An interactive attack means attacker can prepare the memory state at the start of loop iteration i in a way that the desired gadget works as required and other gadgets operate on unused memory.

Another class of DOP attacks are non-interactive, whereby the attacker provides the entire malicious input as a single data transmission. In such a scenario, all the memory setup and conditions for deciding loop termination and selective gadget activation need to be encoded in a single malicious payload. To support such attacks, MINDOP has two virtual operations that enable conditional chaining of operations, or virtual jumps. The basic idea is as follows: the attacker provides the memory configuration Mj necessary for each gadget j to be selectively executed in a particular iteration in the input payload. In addition, it keeps a pointer called virtual PC which points to the desired configuration Mj at the start of each iteration. It suffices to corrupt only the virtual PC, so that the program execution in that iteration operates on the configuration Mj. To decide how to switch to Mk in the next instruction, MINDOP provides virtual operations that set the virtual PC, conditionally or unconditionally.

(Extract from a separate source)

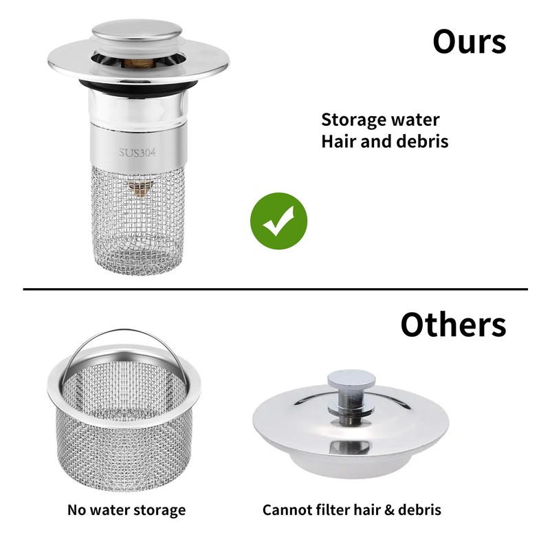 - Effective filtering: this pop-up sink stopper has a filter that can filter hair substances. Sink plugs and filters are simply and practically combined in one.
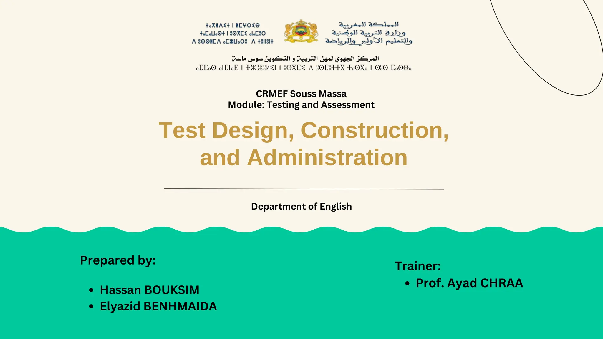 This presentation provides a comprehensive overview of key concepts and best practices in test construction, administration, and scoring, particularly within English as a Foreign Language (EFL) and English as a Second Language (ESL) contexts. It explores the principles of effective test design, including validity, reliability, and practicality (implicitly). The slides also discuss the steps involved in developing fair and balanced assessments, tips for administering tests efficiently, and methods for scoring objectively and accurately. This resource is ideal for language teachers, trainee educators, and researchers interested in language assessment and evaluation.

Simulating Jump Operations. The key here is to identify a suitable variable to implement a virtual PC which can be corrupted in each loop iteration. To simulate an unconditional jump, attackers just prepare the memory configuration to trigger another operation gadget (e.g., addition, assignment) to change the value of the virtual PC.

DOP Attack Construction

Challenges

Though the concept of data-oriented programming is intuitive, it is challenging to construct data-oriented attacks in real-world programs:

  • Data-oriented gadget identification. We use static analysis as an aid in identifying these gadgets.

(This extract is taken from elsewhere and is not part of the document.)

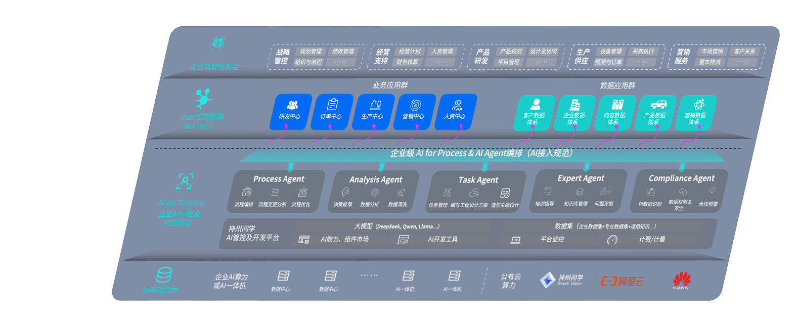 银河集团问学智车解决方案是一套基于AI技术的汽车行业智能化系统,,,覆盖从底层算力到顶层AI应用的全栈方案。。。方案由算力层、、、模型层和应用层组成:算力层,,,,方案支持多种一体机配置,,,,具备云端灵活部署、、、、多云适配以及动态优化计算资源的能力;模型层,,银河集团问学平台版提供了企业级AI应用一站式构建与管理平台,,支持基于后训练强化技术的汽车企业专属模型的训练、、、、评测和运营;应用层,,,银河集团问学DeepSeek版提供包括超级员工、、智能招采、、、、智能营销、、智能客服、、、AI for BI等一系列解决方案,,,,可助力汽车行业实现数字化转型,,,,让管理更智能、、、响应更敏捷。。

  • Gadget dispatcher identification. Our gadget dispatcher requires a loop with various gadgets and a selector controlled by the memory error. But it is possible to have the selector and gadgets inside the functions called from loop body.

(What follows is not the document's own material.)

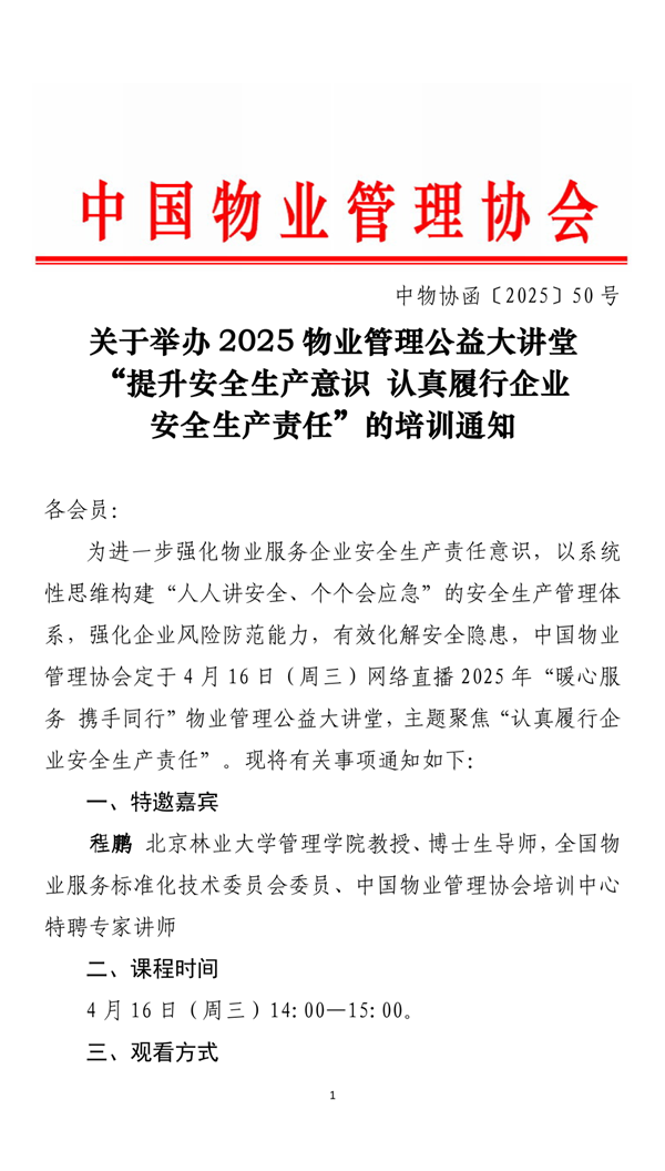 关于举办2025物业管理公益大讲堂“提升安全生产意识 认真履行企业安全生产责任”的培训通知

  • Data-oriented gadget stitching. The reachability of gadgets depends on concrete memory errors. We need to find malicious input that makes the program execute selected gadgets with the expected addresses and order.

Gadget Identification

A useful data-oriented gadget needs to satisfy the following requirements:

  • MINDOP semantics. It should have instructions for the load micro-operation, the store micro-operation, and others simulating semantics of MINDOP.
  • Gadget internal order. The three micro-operations should appear in the load-operation-store order, and this correct order should show up in at least one legitimate control flow.
1
2
3
4
5
6
7
8
9
10
11
12
13
Input:  G:- the vulnerable program
Output: S:- data-oriented gadget set

S = ∅;
FuncSet = getFuncSet(G)
foreach f ∈ FuncSet do
cfg = getCFG(f)
for instr = getNextInstr(cfg) do
if isMemStore(instr) then
gadget = getBackwardSlice(instr, f)
input = getInput(gadget)
if isMemLoad(input) then
S = S ∪ {gadget}

We compile the program source code into LLVM intermediate representation (IR) and perform our analysis on LLVM IR. Our analysis iterates through all functions in the program. We treat each store instruction in the function as a store micro-operation of a new potential gadget. Then our analysis uses a backward data-flow analysis to identify the definitions of the operands in the store instruction. The generated data-flow contains the instructions that derive the operands, like loaded from memory or calculated from registers.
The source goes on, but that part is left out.